The student gave me a dirty look and went on his way, but it is hard to argue with the facts. And the facts are that university students receive a very heavily subsidized product. Their tuition fees fund only 16 percent of the universities' budget, whereas the evil and miserly state funds 70 percent of it. The remainder (14 percent) is raised by the universities through donations.

And another fact: The general trend in Western countries is to raise tuition fees. British Prime Minister Tony Blair, a social democrat, has raised university tuition fees, and this has also happened in Holland, in certain areas of Germany, in New Zealand and even in communist China. In the rest of the world, the conclusion has been reached that when tuition fees are too low, or even zero, academic standards tumble to a dangerous level.

There is also a moral issue here. Is it fair that those who acquire a profession for life - for example economists, accountants, engineers, computer scientists or biologists - should not pay a reasonable sum of about NIS 30,000 in return? Why should the taxpayer fund it all for them? After all, in a few months of decent earnings, they will be able to recoup all the tuition fees they paid.

And what about those who studied history, theater or social work, whose earnings are not high? It turns out that even these graduates earn more than people without an academic education. All research studies show that there is a high return to an academic education, in any department or field. And in any case, are students the segment of society that is most oppressed? Perhaps before helping the students, we should be helping the truly weak segments of society: the elderly, the disabled and the unemployed.

But all of these logical arguments make no impression on the student leaders. Itay Sonschein, chairman of the National Students Union and the leader of the strike, has disproportionate revolutionary zeal. He sees the Shochat Committee (which is comprised of the top experts in the field) as a destructive capitalist plot. As far as he is concerned, everything is justified for the sake of dismantling the committee, chalking up a victory and proceeding up the trajectory of party politics - and to hell with what is good for academia and the economy.

But if the students achieve their aim, the universities will be badly hurt. They will not get the additional budgets that the Shochat Committee is planning. Committee chair Avraham Shochat and Prime Minister Ehud Olmert have already agreed that when tuition fees go up, the state will also contribute its part. Therefore, the death of the Shochat Committee would also be a deathblow to academia, which is suffering from budget cuts.
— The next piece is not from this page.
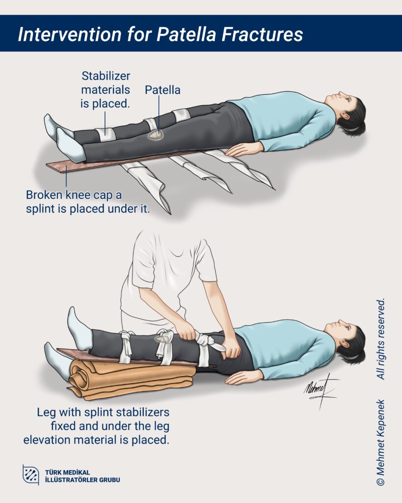 HomePortfolioMedical IllustrationFirst aid illustration series: Intervention for patella fractures

In order to get the students' support, the leaders of the strike are not telling them that alongside the increase in tuition fees, there will also be a comprehensive program of scholarships and loans. The students will in fact pay less (!) in cash than what they are paying today; they will receive the remainder of the money as a subsidized loan. They will have to repay this loan only when they have completed their studies, and repayment will be spread over a period of seven years, with payments of NIS 300 a month. That's all.

The students will also be entitled to many grants and scholarships on a need basis, and the Perah program, which entitles students to reduced fees in return for tutoring disadvantaged children, will be expanded greatly. So where is the oppression? After all, the rich will pay more (they will not need the loan), while students from low-income families will take the loan and begin studying immediately. And indeed, this is the main goal: full and fast access to higher education, for everyone.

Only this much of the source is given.